TRADITIONAL NEENISH TARTS
Neenish Tarts are a small pastry tart, layers of jam and mock cream filling and topped with two-tone icing. One of the most wonderful traditional Australian desserts found at bakeries everywhere.Make sure to start these a few hours before you want to serve - there is a total of up to 1 hour waiting time for parts to cool.
Provided by Marie Roffey
Categories Afternoon Tea Dessert High Tea Sweets
Time 42m
Number Of Ingredients 17
Steps:
- Place the flour, butter, sugar and salt in a food processor and pulse until it looks like wet sand. Add the egg yolk and pulse until mixed through. Finally add the ice water ½ tablespoon at a time and pulse between each until the dough just starts clumping together.
- Turn the dough out onto a lightly flour surface and knead just until smooth (not for too long). Press into a disk, wrap in plastic wrap and refrigerate for at least half an hour.
- Preheat the oven to 200C / 400F / 180C fan forced. Grease and lightly flour a 12 hole muffin tin (notes)
- Roll the dough out to about 3mm thick and use a large round cookie cutter (8.5cm / 3.5in), to cut rounds of pastry. Gently drop them down into each hole of the muffin tin, making sure they're level. The pastry should come about 2cm up the side of the holes. Return to fridge for 15 minutes.
- Prick the base of each pastry case with a fork and bake for around 10-12 minutes until starting to turn golden. Then transfer to a cooling rack until completely cooled.
- Spread about 1.5 teaspoons of jam over the base of each tart case.
- Tip the boiling water into a small dish and sprinkle the gelatine over the top. Mix with a fork, then allow to sit for 5 minutes.
- Add the sugar and milk to a small saucepan and heat over very low heat until the sugar has dissolved. Give the gelatine another stir, then pour it into the hot milk and stir until completely dissolved.
- Let the milk mixture cool to room temperature before continuing
- Beat the butter and vanilla until light and creamy. Slowly pour in the milk mixture while constantly beating.
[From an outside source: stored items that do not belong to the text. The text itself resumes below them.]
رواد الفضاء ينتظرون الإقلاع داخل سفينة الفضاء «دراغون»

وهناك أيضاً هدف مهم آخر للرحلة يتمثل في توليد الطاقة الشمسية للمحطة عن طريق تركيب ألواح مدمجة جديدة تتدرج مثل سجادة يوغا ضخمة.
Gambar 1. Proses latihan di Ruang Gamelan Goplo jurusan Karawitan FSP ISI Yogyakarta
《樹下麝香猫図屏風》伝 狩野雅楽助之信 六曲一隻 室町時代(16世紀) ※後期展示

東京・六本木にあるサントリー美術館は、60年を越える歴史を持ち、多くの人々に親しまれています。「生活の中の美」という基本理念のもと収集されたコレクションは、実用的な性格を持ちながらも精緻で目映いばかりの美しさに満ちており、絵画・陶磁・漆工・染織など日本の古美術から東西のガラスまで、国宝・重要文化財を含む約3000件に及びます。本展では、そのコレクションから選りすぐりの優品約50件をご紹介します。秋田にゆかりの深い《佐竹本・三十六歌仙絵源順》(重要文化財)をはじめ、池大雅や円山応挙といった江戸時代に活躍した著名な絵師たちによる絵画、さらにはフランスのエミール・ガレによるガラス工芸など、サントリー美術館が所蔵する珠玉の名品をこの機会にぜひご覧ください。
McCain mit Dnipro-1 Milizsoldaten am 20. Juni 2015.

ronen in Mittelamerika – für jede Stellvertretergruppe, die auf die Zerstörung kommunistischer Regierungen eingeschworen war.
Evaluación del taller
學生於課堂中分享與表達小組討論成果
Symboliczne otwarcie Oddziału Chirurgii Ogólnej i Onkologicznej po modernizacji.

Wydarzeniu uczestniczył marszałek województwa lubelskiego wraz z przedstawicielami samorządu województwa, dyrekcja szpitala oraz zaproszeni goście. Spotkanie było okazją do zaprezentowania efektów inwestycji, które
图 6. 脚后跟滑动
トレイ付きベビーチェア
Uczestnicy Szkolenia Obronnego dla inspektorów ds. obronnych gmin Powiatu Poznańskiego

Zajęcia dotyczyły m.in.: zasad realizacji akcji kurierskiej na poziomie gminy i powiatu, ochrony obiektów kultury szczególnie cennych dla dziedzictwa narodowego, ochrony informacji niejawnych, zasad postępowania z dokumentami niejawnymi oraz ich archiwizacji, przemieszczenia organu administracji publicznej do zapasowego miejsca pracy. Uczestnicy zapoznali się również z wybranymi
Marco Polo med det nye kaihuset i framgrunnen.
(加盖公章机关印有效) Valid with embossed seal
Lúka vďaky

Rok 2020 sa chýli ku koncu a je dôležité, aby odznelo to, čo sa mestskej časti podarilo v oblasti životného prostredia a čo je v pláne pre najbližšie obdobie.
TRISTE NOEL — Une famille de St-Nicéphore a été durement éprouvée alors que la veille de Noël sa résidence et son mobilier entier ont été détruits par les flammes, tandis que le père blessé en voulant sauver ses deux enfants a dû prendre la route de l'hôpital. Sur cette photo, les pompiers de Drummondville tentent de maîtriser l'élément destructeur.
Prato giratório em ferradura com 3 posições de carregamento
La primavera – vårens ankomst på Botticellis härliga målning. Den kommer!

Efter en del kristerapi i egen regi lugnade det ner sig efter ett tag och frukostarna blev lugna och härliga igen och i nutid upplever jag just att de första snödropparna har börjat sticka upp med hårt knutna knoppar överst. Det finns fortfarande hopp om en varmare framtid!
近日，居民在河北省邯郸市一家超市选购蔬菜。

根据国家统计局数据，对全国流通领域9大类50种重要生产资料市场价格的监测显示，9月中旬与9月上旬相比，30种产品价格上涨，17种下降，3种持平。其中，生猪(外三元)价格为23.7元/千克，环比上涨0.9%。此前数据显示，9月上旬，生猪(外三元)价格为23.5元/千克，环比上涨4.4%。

- Spread the mock cream over the tarts and use a spatula to make the top level.
- Mix the sifted icing sugar and the milk together until you have a smooth spreadable consistency (see notes).
- Transfer half to a separate bowl and add the cocoa, mix well.
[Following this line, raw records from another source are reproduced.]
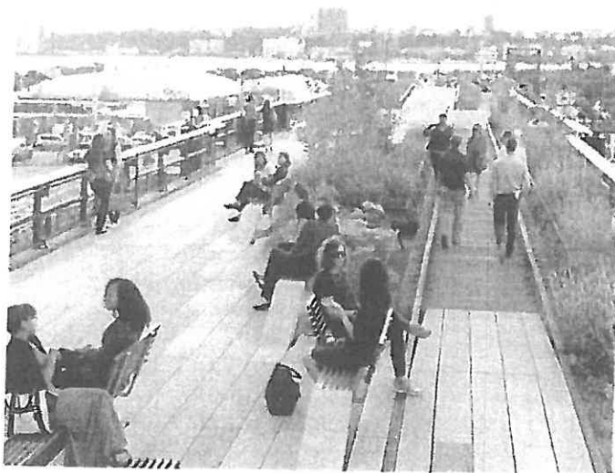
Ню Йорк, САЩ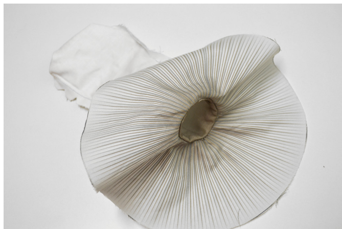
14/ Nožku vtáhneme do spodního klobouku (přetočíme ji do rubu).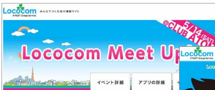
● 2011/5/14 Lococom Meet UP!

「Lococom」のキャンペーンを楽しみながら地域をさらに好きになっていただき、ユーザーの皆様と一緒に、地域を活性化していきたいと考えております。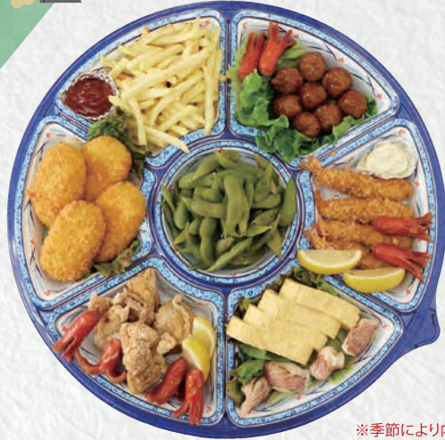
オードブルA 4,500円(税込)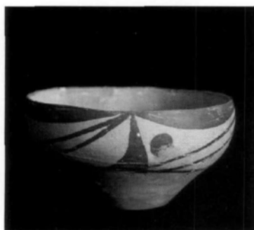
图2 仰韶文化庙底沟类型彩陶

仰韶文化产生于我国新石器时代彩陶最丰盛繁华的时期,距今大约已有七千年左右。仰韶文化的制陶工艺器物规整精美,制陶的工匠能够在器物表面施加各种纹饰,有的装饰主要是为了加固器体,有的则仅仅是为了美观,其中装饰作用最明显的是彩陶花纹。其装饰以彩绘为主,于器物上绘精美彩色花纹,反映当时人们生活的部分内容及艺术创作的聪明才智。早期以红地黑彩或紫彩为多,中期流行先涂绘白色或红色陶衣为地,再加绘黑色、棕色或红色的纹饰,有的黑彩还镶嵌白边。另外还有磨光、拍印、等装饰手法。造型的种类有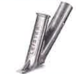
Speed welding nozzle *, triangular shaped 5.7 mm 7 mm Article No: 106.992 106.993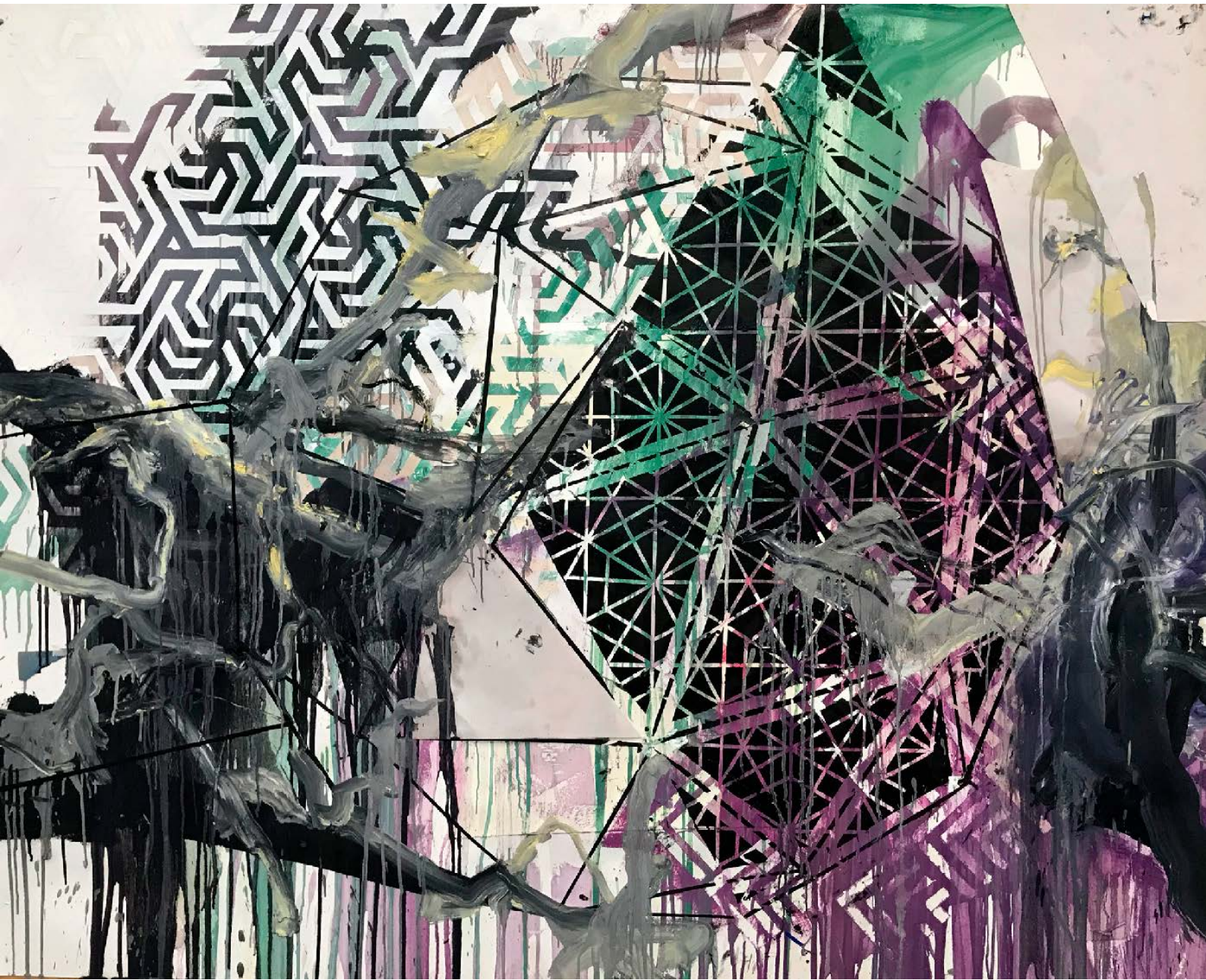
“O monge pierrot e o náufrago nupcial IV”, 2020 Marmorização, colagem e óleo sobre papel 152 x 180 cm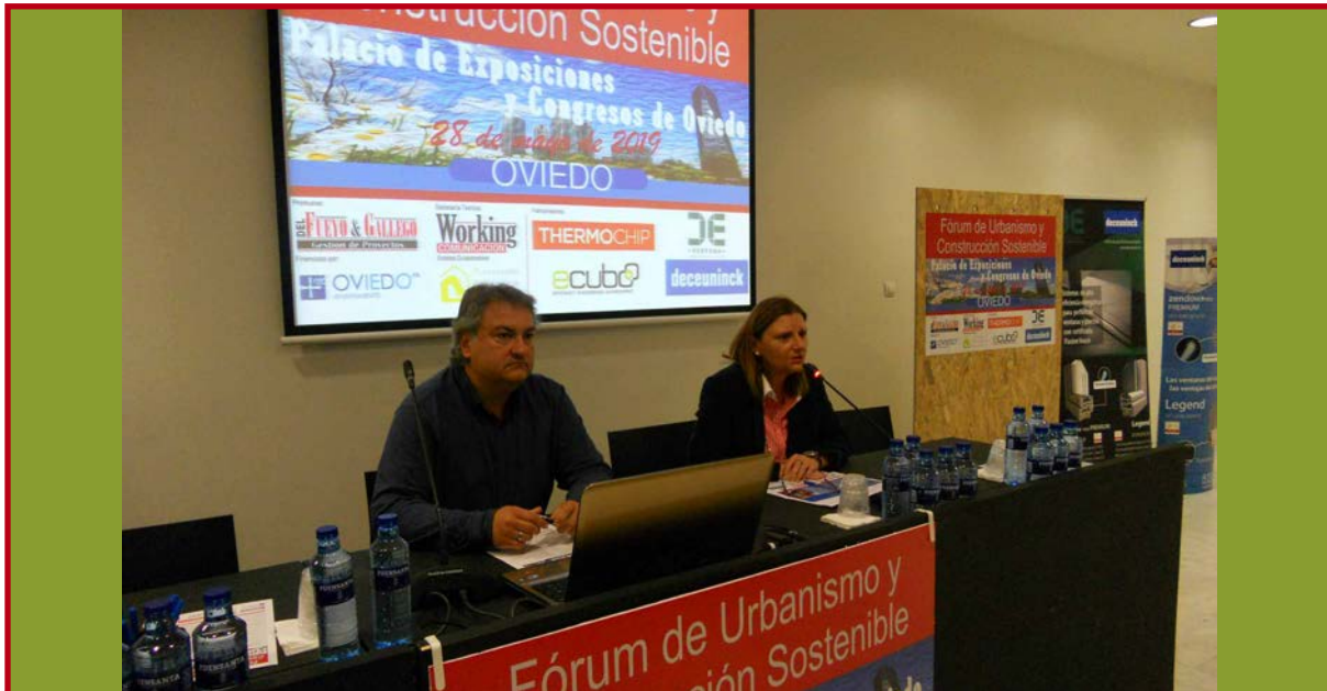
Imagen de la pasada edición del Fórum celebrado en Oviedo

extendido y contrastado a nivel mundial es el estándar Passivhaus , cuyo primer edificio se construyó en Darmstadt (Alemania) en 1990 y que cuenta con una amplia trayectoria de edificios construidos en todo el mundo.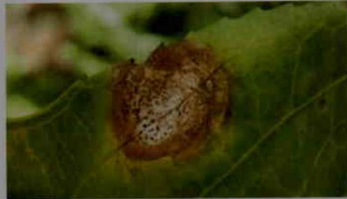
Antracnosis en hojas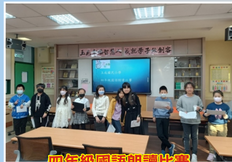
四年級國語朗讀比賽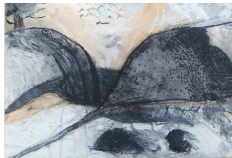
I miejsce – Filip Lipiński lat 10 (Będzin)

- In the other half add just a small amount of pink food colouring (optional) and mix.
- Use a small spatula to spread the pink icing over half of each tart then allow them to set a little at room temperature for about 10-15 minutes.
- Repeat with the chocolate icing.
Nutrition Facts : ServingSize 62 g, Calories 237 kcal
More about "traditional neenish tarts recipes"
NEENISH TARTS RECIPE | MINDFOOD RECIPES & TIPS
From mindfood.com
NEENISH TARTS | SBS FOOD
From sbs.com.au
NEENISH TARTS WITH RASPBERRY JAM FILLING RECIPE - NEW ZEALAND …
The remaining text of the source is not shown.